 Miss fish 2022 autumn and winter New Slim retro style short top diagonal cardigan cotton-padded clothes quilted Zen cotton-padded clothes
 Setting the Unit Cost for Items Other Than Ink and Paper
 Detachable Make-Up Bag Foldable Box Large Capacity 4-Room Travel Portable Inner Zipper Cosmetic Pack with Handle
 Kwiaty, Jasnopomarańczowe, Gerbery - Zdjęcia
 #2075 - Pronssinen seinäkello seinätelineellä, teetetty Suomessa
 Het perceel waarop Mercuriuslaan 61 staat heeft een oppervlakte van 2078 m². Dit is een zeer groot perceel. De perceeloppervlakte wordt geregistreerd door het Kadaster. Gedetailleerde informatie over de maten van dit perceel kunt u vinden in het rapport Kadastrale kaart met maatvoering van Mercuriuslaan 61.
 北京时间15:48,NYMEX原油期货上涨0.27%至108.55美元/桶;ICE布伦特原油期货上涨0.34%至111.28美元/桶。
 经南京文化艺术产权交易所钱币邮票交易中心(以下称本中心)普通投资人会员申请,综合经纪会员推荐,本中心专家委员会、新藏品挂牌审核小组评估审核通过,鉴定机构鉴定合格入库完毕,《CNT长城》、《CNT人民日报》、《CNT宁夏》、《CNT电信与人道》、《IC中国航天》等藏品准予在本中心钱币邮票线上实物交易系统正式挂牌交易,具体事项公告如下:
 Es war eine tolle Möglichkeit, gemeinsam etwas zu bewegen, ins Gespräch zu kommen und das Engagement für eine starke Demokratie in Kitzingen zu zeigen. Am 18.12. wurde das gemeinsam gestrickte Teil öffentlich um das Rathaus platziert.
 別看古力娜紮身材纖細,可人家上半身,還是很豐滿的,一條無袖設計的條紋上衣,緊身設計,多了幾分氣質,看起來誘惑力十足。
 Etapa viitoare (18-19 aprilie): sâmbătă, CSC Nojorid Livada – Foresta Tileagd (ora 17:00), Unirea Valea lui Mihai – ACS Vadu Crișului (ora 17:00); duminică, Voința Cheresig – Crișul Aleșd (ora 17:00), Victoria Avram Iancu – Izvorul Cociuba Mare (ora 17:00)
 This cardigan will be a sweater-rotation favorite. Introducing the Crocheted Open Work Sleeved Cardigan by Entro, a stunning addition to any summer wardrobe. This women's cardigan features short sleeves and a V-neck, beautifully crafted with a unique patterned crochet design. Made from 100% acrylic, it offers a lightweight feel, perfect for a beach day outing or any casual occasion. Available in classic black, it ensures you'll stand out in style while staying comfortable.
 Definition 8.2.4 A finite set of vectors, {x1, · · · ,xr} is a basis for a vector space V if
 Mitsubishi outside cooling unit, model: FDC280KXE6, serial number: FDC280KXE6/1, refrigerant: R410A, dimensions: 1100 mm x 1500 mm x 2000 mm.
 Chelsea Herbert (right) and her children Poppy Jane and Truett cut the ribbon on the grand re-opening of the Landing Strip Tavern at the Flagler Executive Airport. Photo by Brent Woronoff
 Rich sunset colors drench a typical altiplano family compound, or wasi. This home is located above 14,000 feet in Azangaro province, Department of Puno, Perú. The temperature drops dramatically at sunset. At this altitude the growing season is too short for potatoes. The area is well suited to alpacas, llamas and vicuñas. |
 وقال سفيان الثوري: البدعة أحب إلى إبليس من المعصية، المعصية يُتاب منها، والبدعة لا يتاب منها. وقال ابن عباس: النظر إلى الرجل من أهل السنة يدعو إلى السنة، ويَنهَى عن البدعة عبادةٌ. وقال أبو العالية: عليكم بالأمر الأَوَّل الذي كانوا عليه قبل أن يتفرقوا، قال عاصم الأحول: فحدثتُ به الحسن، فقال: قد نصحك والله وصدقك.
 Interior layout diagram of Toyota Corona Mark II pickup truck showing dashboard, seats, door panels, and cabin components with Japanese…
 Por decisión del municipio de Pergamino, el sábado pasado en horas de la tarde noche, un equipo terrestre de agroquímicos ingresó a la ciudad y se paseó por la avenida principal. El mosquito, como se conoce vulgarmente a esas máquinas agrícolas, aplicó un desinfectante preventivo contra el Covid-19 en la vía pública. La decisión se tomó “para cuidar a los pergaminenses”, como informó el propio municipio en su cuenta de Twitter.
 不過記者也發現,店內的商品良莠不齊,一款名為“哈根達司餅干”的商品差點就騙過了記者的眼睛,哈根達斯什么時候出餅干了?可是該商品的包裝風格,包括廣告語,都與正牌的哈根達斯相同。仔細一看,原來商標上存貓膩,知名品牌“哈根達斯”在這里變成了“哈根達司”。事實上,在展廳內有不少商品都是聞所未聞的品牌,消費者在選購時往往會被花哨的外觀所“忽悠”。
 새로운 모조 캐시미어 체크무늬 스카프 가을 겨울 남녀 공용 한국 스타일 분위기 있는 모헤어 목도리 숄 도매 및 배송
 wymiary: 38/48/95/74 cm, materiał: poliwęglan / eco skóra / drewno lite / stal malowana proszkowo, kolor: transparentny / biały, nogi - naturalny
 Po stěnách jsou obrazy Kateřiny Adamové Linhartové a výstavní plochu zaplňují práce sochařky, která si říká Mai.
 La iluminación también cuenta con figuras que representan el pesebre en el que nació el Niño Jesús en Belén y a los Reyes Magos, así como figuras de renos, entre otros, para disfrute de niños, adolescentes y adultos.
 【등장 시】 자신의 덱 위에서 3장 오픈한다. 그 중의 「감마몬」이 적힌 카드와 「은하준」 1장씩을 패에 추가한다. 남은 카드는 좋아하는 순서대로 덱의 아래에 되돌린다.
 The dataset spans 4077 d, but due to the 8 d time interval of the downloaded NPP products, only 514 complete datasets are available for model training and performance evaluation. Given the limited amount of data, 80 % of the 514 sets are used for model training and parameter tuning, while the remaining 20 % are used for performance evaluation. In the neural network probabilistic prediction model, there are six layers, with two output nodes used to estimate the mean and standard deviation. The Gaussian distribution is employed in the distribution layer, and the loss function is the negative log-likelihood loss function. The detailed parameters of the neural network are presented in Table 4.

......

(Required action): All lines from the one with "Po stěnách jsou" through the final line of the listing above are to be restated word for word; the lines before it are left out.

(Response for this exercise):
 Po stěnách jsou obrazy Kateřiny Adamové Linhartové a výstavní plochu zaplňují práce sochařky, která si říká Mai.
 La iluminación también cuenta con figuras que representan el pesebre en el que nació el Niño Jesús en Belén y a los Reyes Magos, así como figuras de renos, entre otros, para disfrute de niños, adolescentes y adultos.
 【등장 시】 자신의 덱 위에서 3장 오픈한다. 그 중의 「감마몬」이 적힌 카드와 「은하준」 1장씩을 패에 추가한다. 남은 카드는 좋아하는 순서대로 덱의 아래에 되돌린다.
 The dataset spans 4077 d, but due to the 8 d time interval of the downloaded NPP products, only 514 complete datasets are available for model training and performance evaluation. Given the limited amount of data, 80 % of the 514 sets are used for model training and parameter tuning, while the remaining 20 % are used for performance evaluation. In the neural network probabilistic prediction model, there are six layers, with two output nodes used to estimate the mean and standard deviation. The Gaussian distribution is employed in the distribution layer, and the loss function is the negative log-likelihood loss function. The detailed parameters of the neural network are presented in Table 4.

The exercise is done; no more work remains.